В кружке приятельниц Долорес я считался из ряда вон выходящим любовником; подумать только: любовник и законный муж в одном лице! Сочетание ролей редкое, интригующее и загадочное. Меня считали жестоким ревнивцем, любящим закатывать шумные сцены; и вот теперь, когда Долорес явно изменила тон и тревожилась, безусловно, опасаясь, что я изменяю ей, все ее приятельницы начали с величайшей готовностью доставлять ей сплетни, почерпнутые из вторых или третьих рук или попросту порожденные их собственным воображением. Они как могли подливали масла в огонь.

Долорес было настолько легко раздразнить и вывести из равновесия, что ее товарки видели ее насквозь, и, думается мне, их очень забавляли ее унижение и испуг.

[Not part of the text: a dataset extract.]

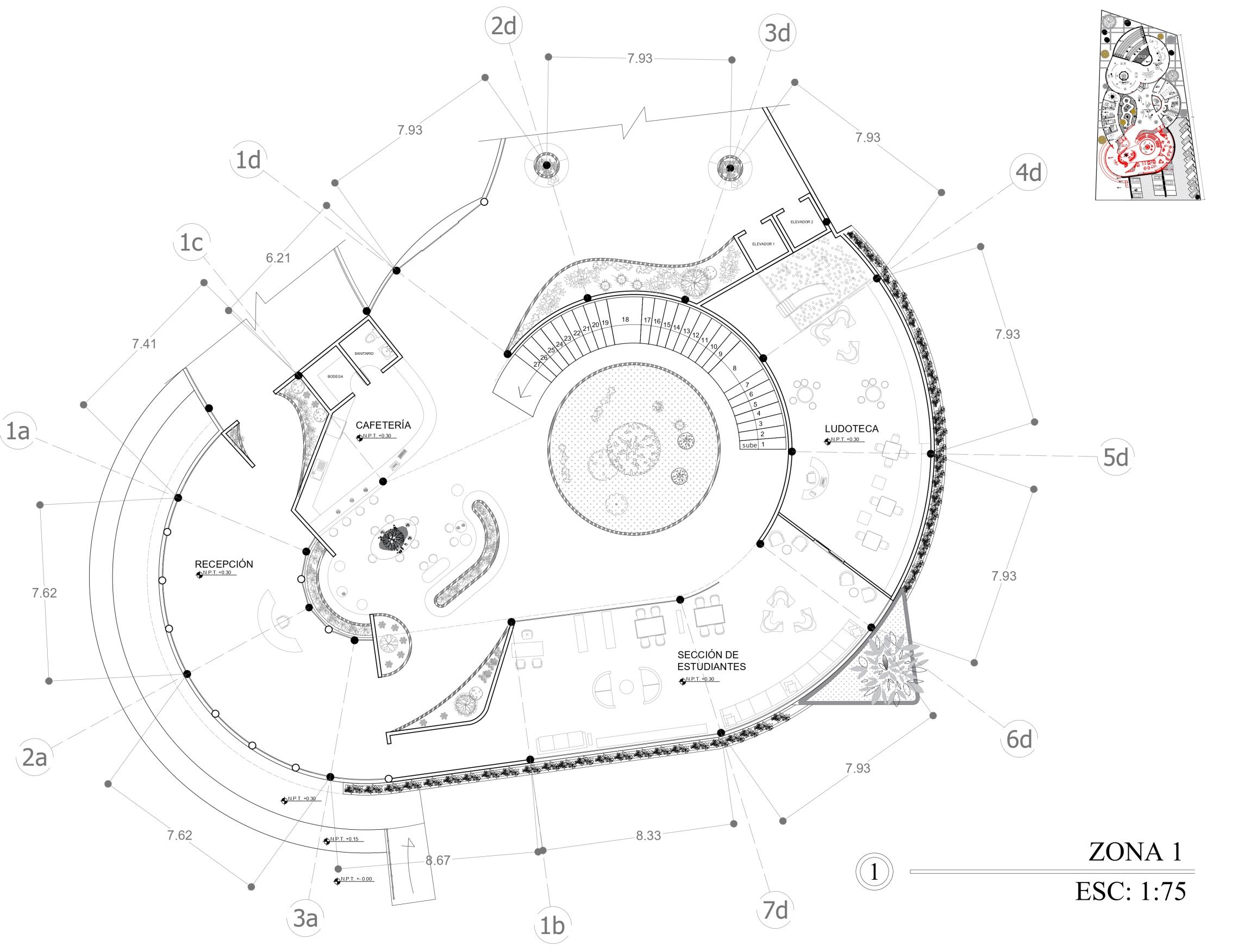 En el primer bloque, ubicado en la sección izquierda del museo, se encuentra el área administrativa. Aquí se han designado espacios como ocinas, salas de juntas y una sala de recreación para los empleados. Estas instalaciones administrativas permiten que el personal del museo lleve a cabo sus labores de manera eciente y organizada. Además, se han incluido bodegas de archivos para el resguardo de la documentación y registros necesarios para el funcionamiento del museo. Esta sección del museo se ha concebido como un espacio privado, destinado exclusivamente para el personal autorizado.

Она не любила новостей, которых бы сама уже прежде не знала, и поэтому старалась опережать приятельниц по части сенсационных разоблачений.

— Моя дорогая, я могла бы тебе много об этом рассказать, — говорила она и под влиянием внезапного вдохновения пускалась в интимные подробности: речь ее изобиловала обиняками, намеками — и не слишком тонкими, кстати сказать.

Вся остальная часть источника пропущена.